[Data extracted from a collection]

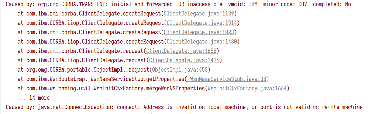 如果 BootStrap 返回的 IOR 只带有 Host ,端口为 0,但是在返回的 IOR 中会有 SSL 的相关内容,则说明是要走 SSL 端口的,如果我们的客户端没配置 SSL 属性的话,那他是不会走 SSL 连接的,而是直接连接 host:0,肯定连不上
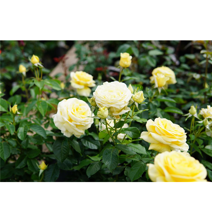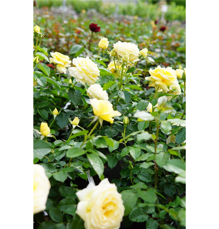 Die Edelrose 'Raffaello'® (Rosa) ist eine reichblühende Rose, die im Garten eine besondere Rolle spielt. Die zahlreichen gefüllten Blüten sind gelb und erscheinen von Juni bis Oktober. Ihr wunderbarer Duft entfaltet sich besonders an sonnigen, warmen Tagen. Mit den richtigen Begleitern an ihrer Seite, kommt die Königin der Blumen besonders gut zur Geltung. Niedrige Stauden, Lavendel und Salbei eignen sich ganz gut für diese Zwecke.
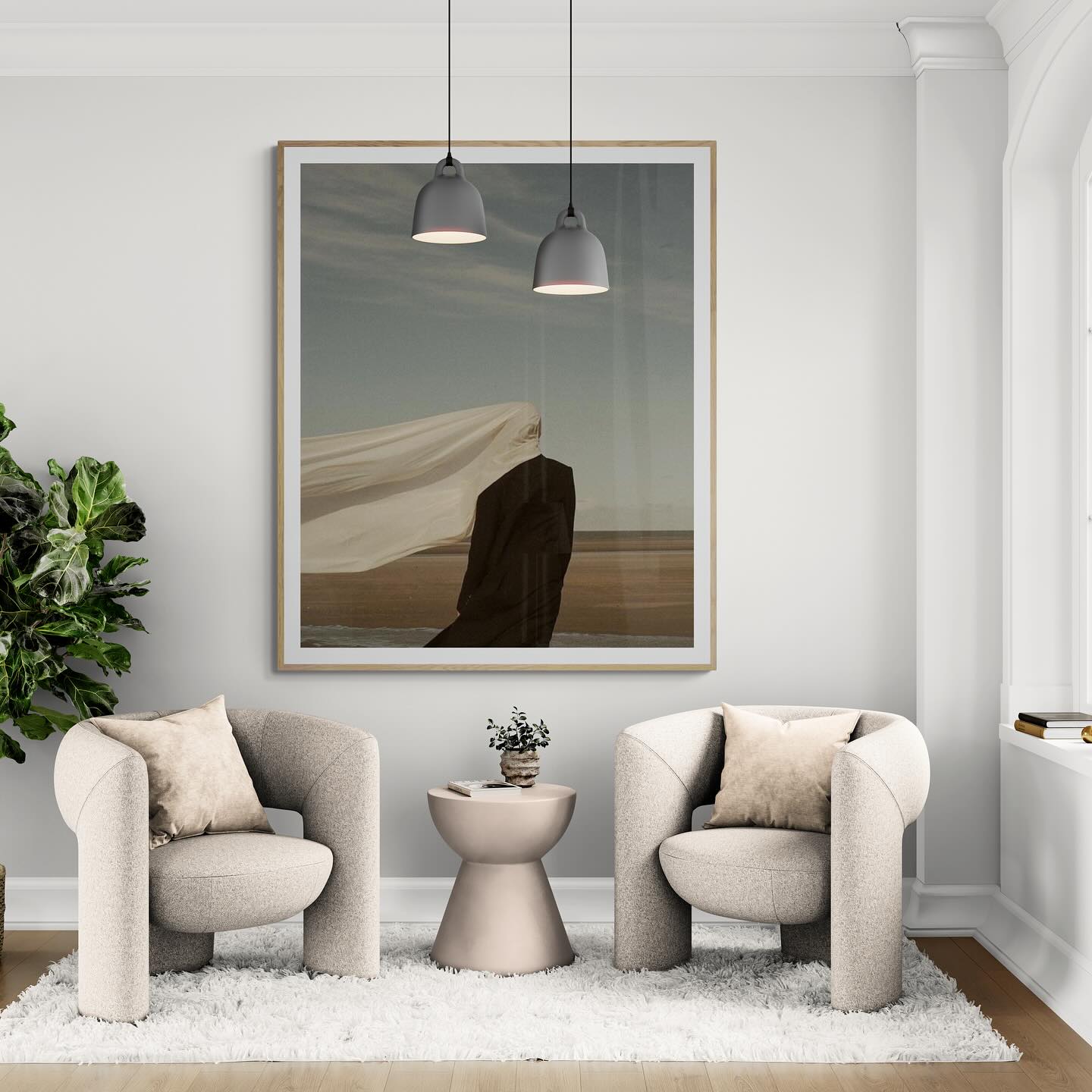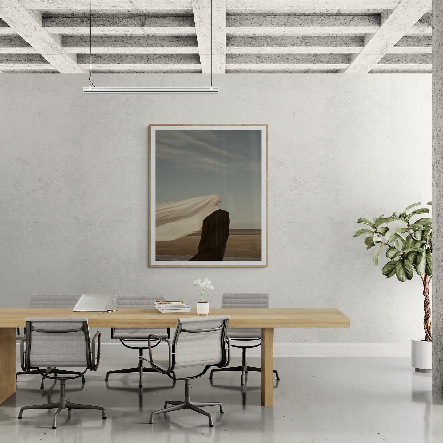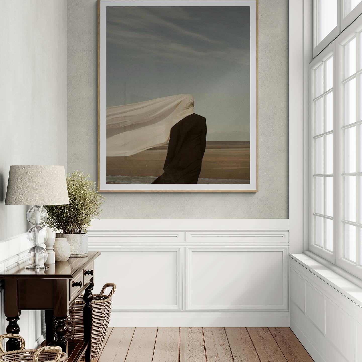 Para obras enmarcadas, sugerimos quitar con cuidado el embalaje protector y colgarla con la ayuda de dos personas, usando clavos resistentes. En el caso de obras de gran tamaño, si es posible, utiliza tornillos y tacos de pared.
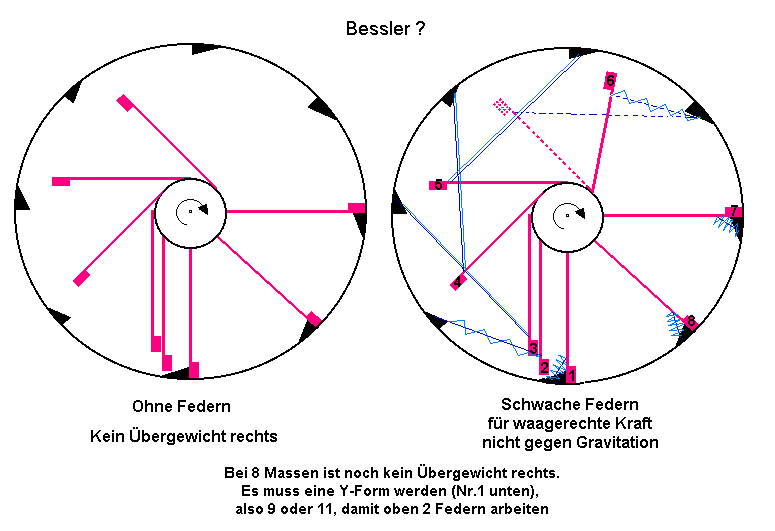 Falls Bessler nur 8 Gewichte hatte, müssen die Federn recht stark gewesen sein, um auch noch Gewicht 5 nach vorwärts zu klappen - ohne das unten genauso zu machen.>Man darf die Pendel, die außen am Bessler-Rad angebracht sind, nicht außer Acht lassen. Ich selber vermute das diese nicht wirklich hin und her schwingen sondern sets einen gewissen gegendruck erzeugen sollen,
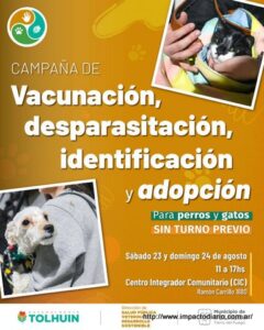Durante ambas jornadas, el equipo municipal brindará vacunación antirrábica, desparasitación y la identificación de los animales mediante microchip, una herramienta que contribuye a su registro y seguimiento. Además, se promoverá la adopción responsable de perros y gatos, fomentando la incorporación de animales a hogares comprometidos con su bienestar y cuidado.

INSTRUCTIONS TO FOLLOW:
Only the lines from the one with "Falls Bessler nur" through the final line of the data should be written out, exactly and including both ends. Skip the pictures.

RESULT:
 Falls Bessler nur 8 Gewichte hatte, müssen die Federn recht stark gewesen sein, um auch noch Gewicht 5 nach vorwärts zu klappen - ohne das unten genauso zu machen.>Man darf die Pendel, die außen am Bessler-Rad angebracht sind, nicht außer Acht lassen. Ich selber vermute das diese nicht wirklich hin und her schwingen sondern sets einen gewissen gegendruck erzeugen sollen,
Durante ambas jornadas, el equipo municipal brindará vacunación antirrábica, desparasitación y la identificación de los animales mediante microchip, una herramienta que contribuye a su registro y seguimiento. Además, se promoverá la adopción responsable de perros y gatos, fomentando la incorporación de animales a hogares comprometidos con su bienestar y cuidado.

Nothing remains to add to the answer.